Title: Use of Medicare’s Diabetes Self-Management Training Benefit
Description:
Medicare began reimbursing for outpatient diabetes self-management training (DSMT) in 2000; however, little is known about program utilization.
Individuals diagnosed with diabetes in 2010 were identified from a 20% random selection of the Medicare fee-for-service population ( N = 110,064).
Medicare administrative and claims files were used to determine DSMT utilization.
Multivariate logistic regression analyses evaluated the association of demographic, health status, and provider availability factors with DSMT utilization.
Approximately 5% of Medicare beneficiaries with newly diagnosed diabetes used DSMT services.
The adjusted odds of any utilization were lower among men compared with women, older individuals compared with younger, non-Whites compared with Whites, people dually eligible for Medicare and Medicaid compared with nondual eligibles, and patients with comorbidities compared with individuals without those conditions.
Additionally, the adjusted odds of utilizing DSMT increased as the availability of providers who offered DSMT services increased and varied by Census region.
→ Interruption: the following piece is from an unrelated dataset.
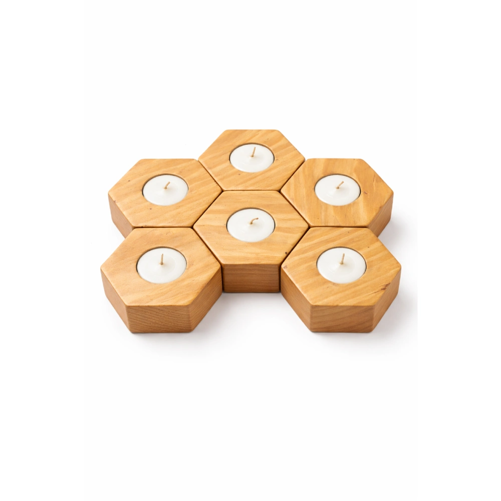 Bring warmth and natural elegance to your space with this beautifully crafted hexagon wooden tealight candle holder set. Made from high-quality beech wood, each piece features a smooth finish and a modern geometric design inspired by honeycomb patterns.
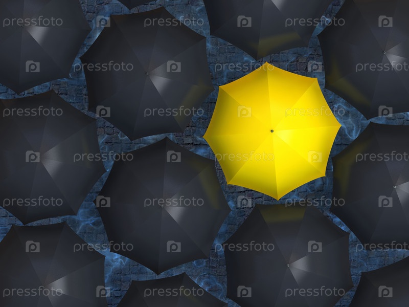 Желтый зонтик среди черных

Utilization of DSMT among Medicare beneficiaries with newly diagnosed diabetes is low.
There appear to be marked disparities in access to DSMT by demographic and health status factors and availability of DSMT providers.
In light of the increasing prevalence of diabetes, future research should identify barriers to DSMT access, describe DSMT providers, and explore the impact of DSMT services.
With preventive services being increasingly covered by insurers, the low utilization of DSMT, a preventive service benefit that has existed for almost 15 years, highlights the challenges that may be encountered to achieve widespread dissemination and uptake of the new services.